В собственном Доме? Без всякой битвы? Не потому, что защищал или атаковал, а потому, что сделал нечто необъяснимое, непринятое, неприятное, возможно, по ошибке?
Они спустились во внутренний двор, который уже вовсю освещало солнце. Весело плясали снежинки в воздухе, слабо трепыхались флаги. По обе стороны двора стояли королевские волки с оружием на изготовку. Как будто только и ждали сыновей Джаретта.
– Нет, просто полдень, – словно прочитав мысли Мидира, сказал Мэрвин, подозрительно говорливый сегодня. Может, ему тоже было не слишком приятно происходящее, может, Мидир, овладев мыслесловом, стал в глазах наследного принца немного больше похожим на настоящего волка.
Второй принц забыл обо всем. На открытой всем ветрам площадке было мало ши, холодный воздух будто прохаживался между ними, вымораживая душу предвестием дыхания бездны. Приговоренный волк, которого Мидир помнил слишком хорошо, застыл соляным столбом, каменной статуей, не дышал заранее или очень боялся. Отец тоже замер, но его неподвижность угрожала и заставляла прижимать уши к голове. То есть, если бы Мидир сейчас был в личине волка, он бы непременно прижал, но и в личине ши очень хотелось.
Советник был возле отца, как всегда, как положено. Стража возвышалась фигурками для игры в фидхелл по краям площадки, все словно бы ждали хода, партия все никак не начиналась, и Мидиру все меньше хотелось того начала.

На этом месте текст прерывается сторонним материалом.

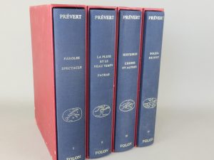 Prévert jacques - Folon Jean-Michel Œuvres. Paris, éditions André Sauret, 1982. 4 volumes in-4°, reliure pleine toile bleue de l’éditeur, dessin doré sur le premier plat, dos lisses avec auteur, titre et tomaison dorés, têtes dorées....
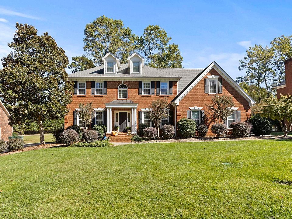Welcome to 302 Ledgewood Way! This beautiful custom-built 5-bdm, 3-bth, 2,950 sq. ft. all-brick home is in the highly sought-after Stone Creek neighborhood within the Pebble Creek Community, perfectly situated on hole two of the Linkside Golf Course. From the moment you arrive, the curb appeal and meticulously maintained landscaping make you feel right at home. Inside, a welcoming two-story foyer leads to a comfortable living room, a downstairs bedroom, and a full bath. Toward the back of the home, you’ll find a spacious kitchen with granite tops, formal dining room, and a breakfast nook that opens to a cozy living area featuring custom built-ins surrounding a brick fireplace. From there, enjoy easy access to the newly built covered deck, stone grilling patio, and spacious backyard making it ideal for entertaining family, friends, and pets. Upstairs, the primary suite provides a large bedroom, walk-in closet, and a beautifully updated bathroom with a double-sink vanity, custom walk-in shower, and a separate soaking tub surrounded by built-ins. Three additional bedrooms with generous closet space and another full bath complete the second floor, with the largest bedroom accommodates flexibility as a media room, or flex space. Notable updates include a brand new roof, double pane-windows, and one newer HVAC unit, ensuring comfort and peace of mind. This home perfectly blends timeless craftsmanship with modern updates in one of Greenville’s most established and desirable golf course communities.
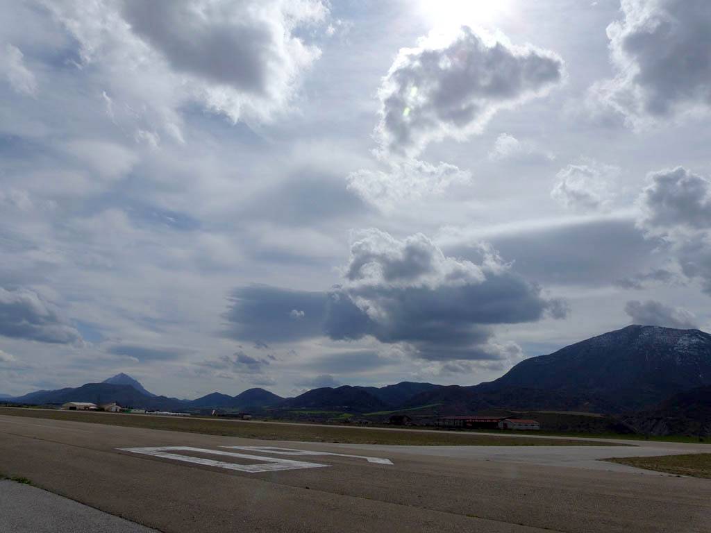 When I got up it looked cloudy out the window. A slow start was expected today. I was also the no 3 today so I didn't really expect to fly. But after the last two days' flights I didn't mind. I'd gotten the best out of the two best days. At the airfield at 10AM the sun was starting to shine as the early cloud burnt off. A southeasterly wind had set up and I could see wave bars in places. The plan was for Mike T and Jon B to go up with John and Ayala and Richard to go up with Bob, and I was the floater. In the briefing we were expecting thermals and wave today. There was low pressure moving in over Portugal influencing the weather now. The gliders were taken out after briefing and were lined up on runway 09 by 11:45AM. A fresh Southeasterly wind was blowing and cumulus and wave bars jumping around aloft. A large group of vultures were soaring nearby and cloudbase was above the summit of Cuculo.

Слова советника прозвенели в ушах колоколом набата, партия была объявлена, а это значит, проигравший тут будет обязательно. Мидир втянул воздух сквозь зубы, стараясь одновременно унять головную боль, отвлечься от темных мыслей и сосредоточиться на словах советника, но они не собирались во что-то внятное.
– Джаретт Великолепный…
Вот, отец, причем тут он? Глупый вопрос, он всегда причем!

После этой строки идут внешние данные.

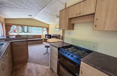 3 bed caravan, sleeps 8. With wrap-around decking, double glazing and central heating. Ruby rated.
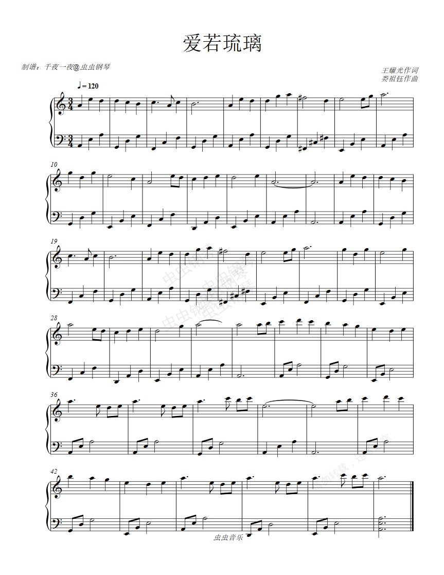 钢琴谱:钢琴】爱若琉璃(电视剧《琉璃》插曲 )
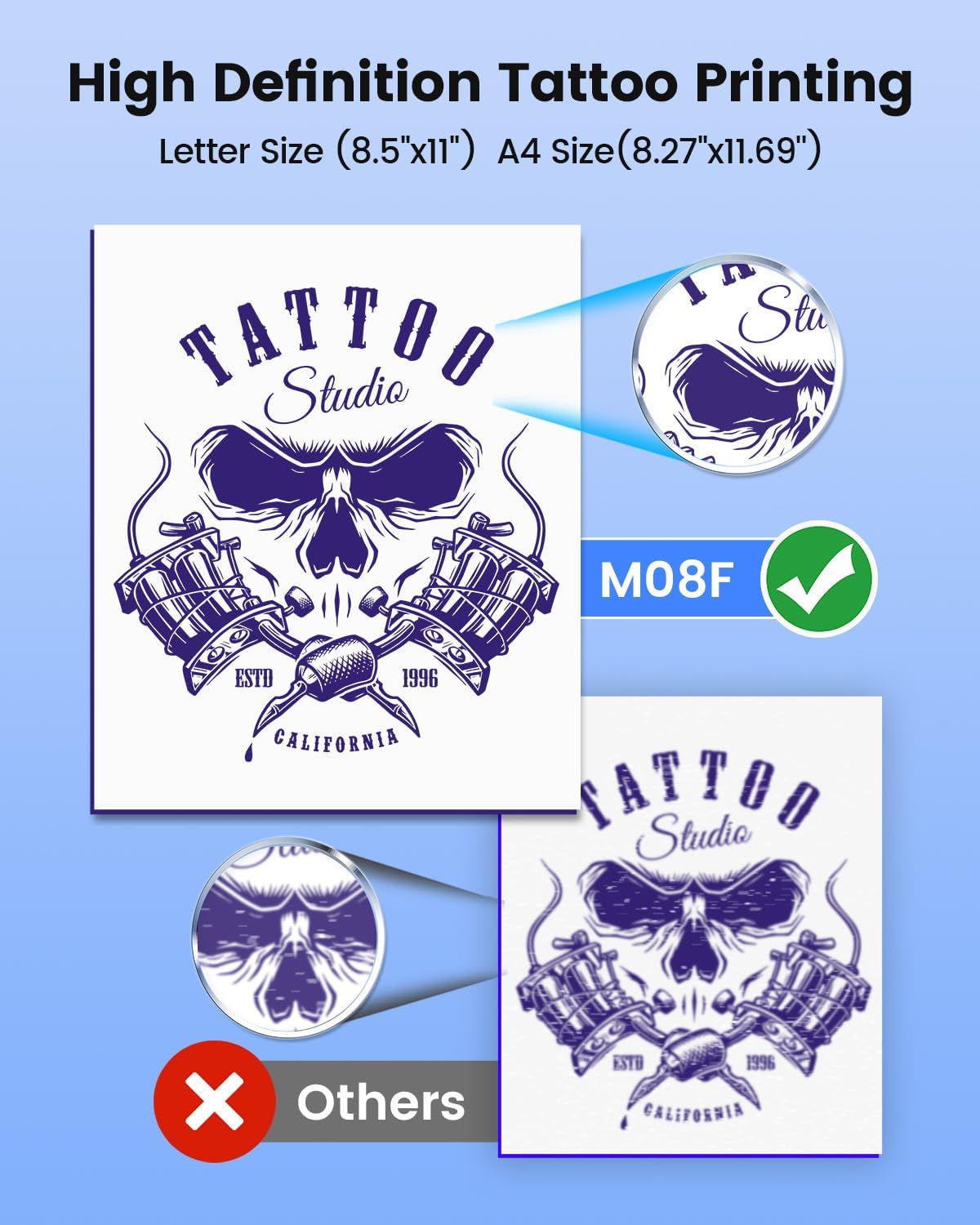 Optimal yield with certified consumables: Phomemo M08F thermal printer requires a specific type of thermal paper to achieve best performance. The thermal paper used by the M08F Mobile Printer differs from regular paper. However, if you need to print tattoos, the regular tattoos transfer paper will be sufficient
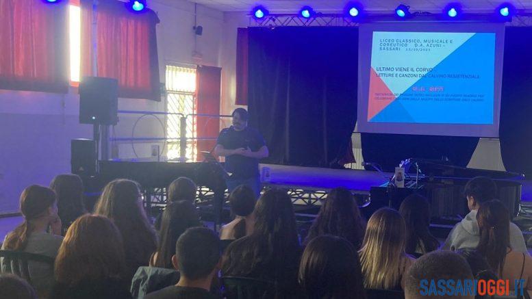 Letteratura, musica e canto. Sono stati questi gli ingredienti di un reading dal titolo “Ultimo viene il corvo – letture e canzoni del Calvino resistenziale” che si è tenuto nell’auditorium del Liceo musicale Azuni di via de Carolis, a Sassari, per gli studenti del triennio. Protagonista d’eccezione sul palco è stato Elio Biffi, voce e tastierista del gruppo “Pinguini Tattici Nucleari“, che ha incontrato gli allievi su iniziativa di Fabio Madau, docente di storia della musica, grazie alla proposta dell’associazione “Le ragazze terribili” presente all’evento con Barbara Vargiu e Beatrice Sorba.
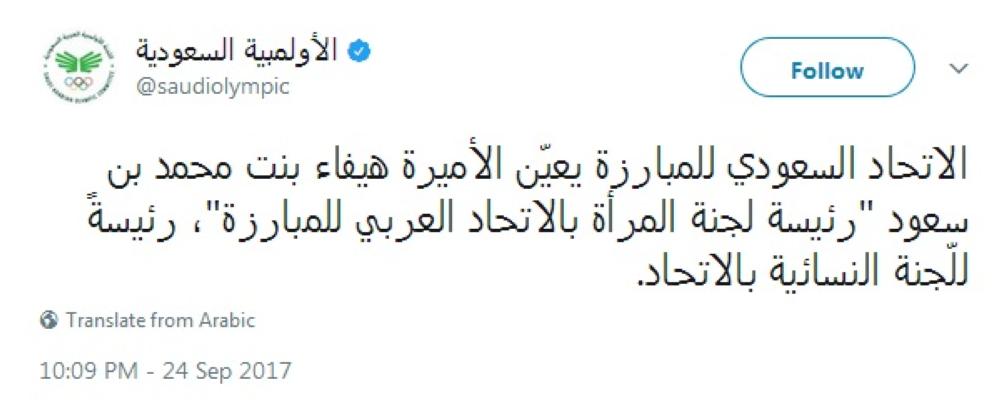 جاء ذلك في تغريدة عبر الحساب الرسمي للجنة الأولمبية العربية السعودية في «تويتر»، إذ قالت: «الاتحاد السعودي للمبارزة يعيّن الأميرة هيفاء بنت محمد بن سعود (رئيسة لجنة المرأة بالاتحاد العربي للمبارزة)، رئيسة للجنة النسائية بالاتحاد».
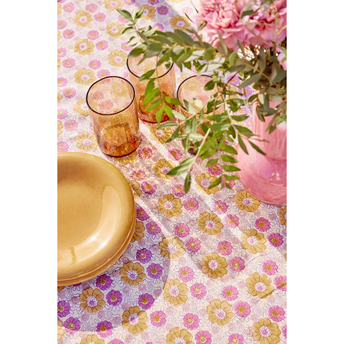 Place on a large table for family meals or lunches with friends, in the garden or indoors. It lends itself to all occasions and can be mixed and matched with our printed napkins, sea rush placemats and colorful candleholders. A cheerful, bohemian spirit to match your mood.
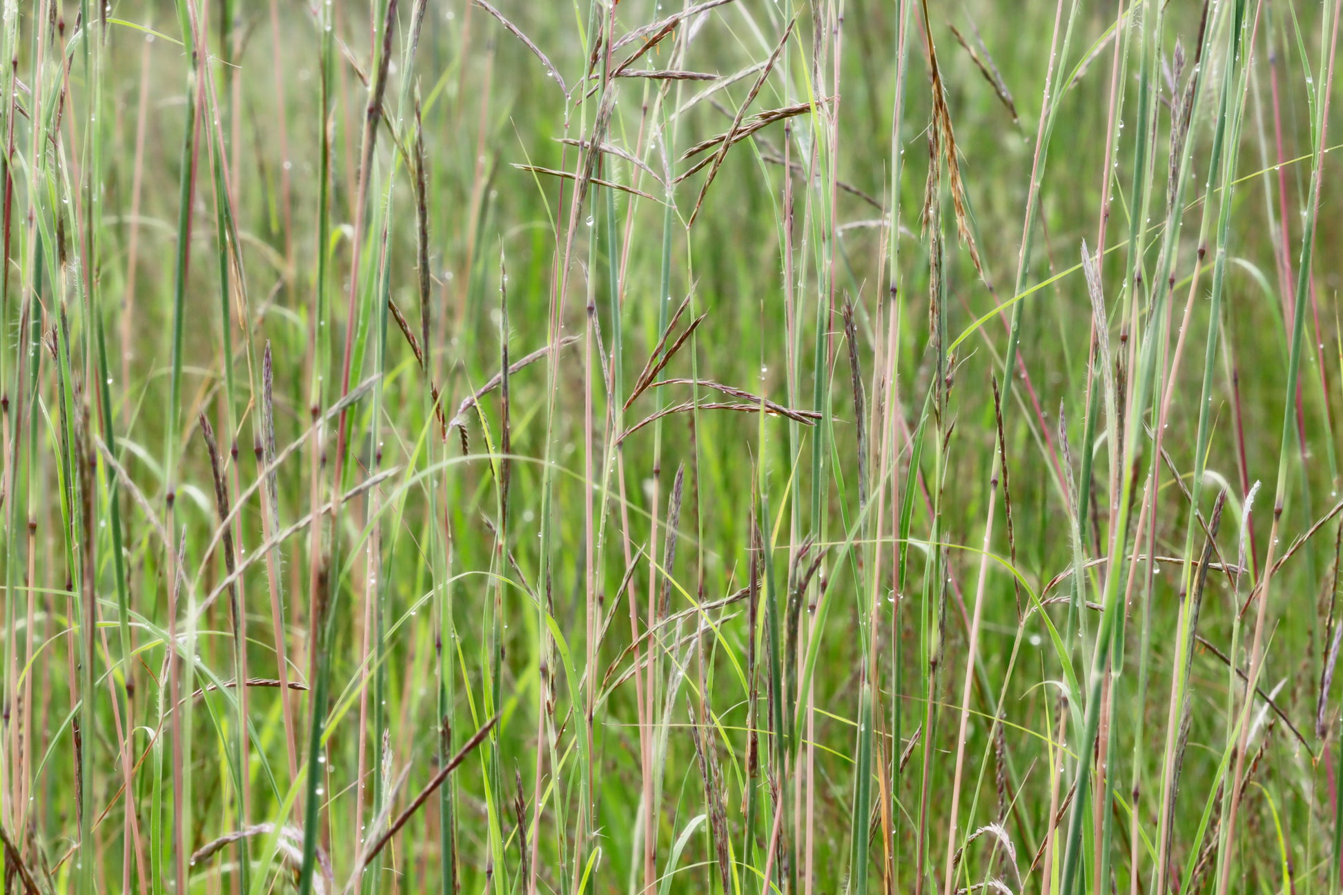 Full frame view of a large group of Big Bluestem with dew drops. Selective focus.

– Непростительное оскорбление…
За оскорбления, Мидир знал, наказывали каленым железом и взрослых. Еще были тренировки, форпосты на границе с фоморами, двадцать семь пограничных королевств и ближайшее неблагое, где всем благим быстро и очень болезненно приходила ужасная смерть, так зачем…
– Светлое имя королевы Синни…
Мидир вздрогнул: внешний холод подружился с внутренним, леденело у самого сердца.
– Волк из белой породы…
Рука Киринна сжалась сильнее, и принц изо всех сил сосредоточился на широкой латной перчатке, тяжелой, ощутимой, почему-то очень теплой, как будто Киринна грело это солнце, что подло отказывало в тепле Мидиру.
– Во имя исполнения закона Слова Благого Двора приговаривается…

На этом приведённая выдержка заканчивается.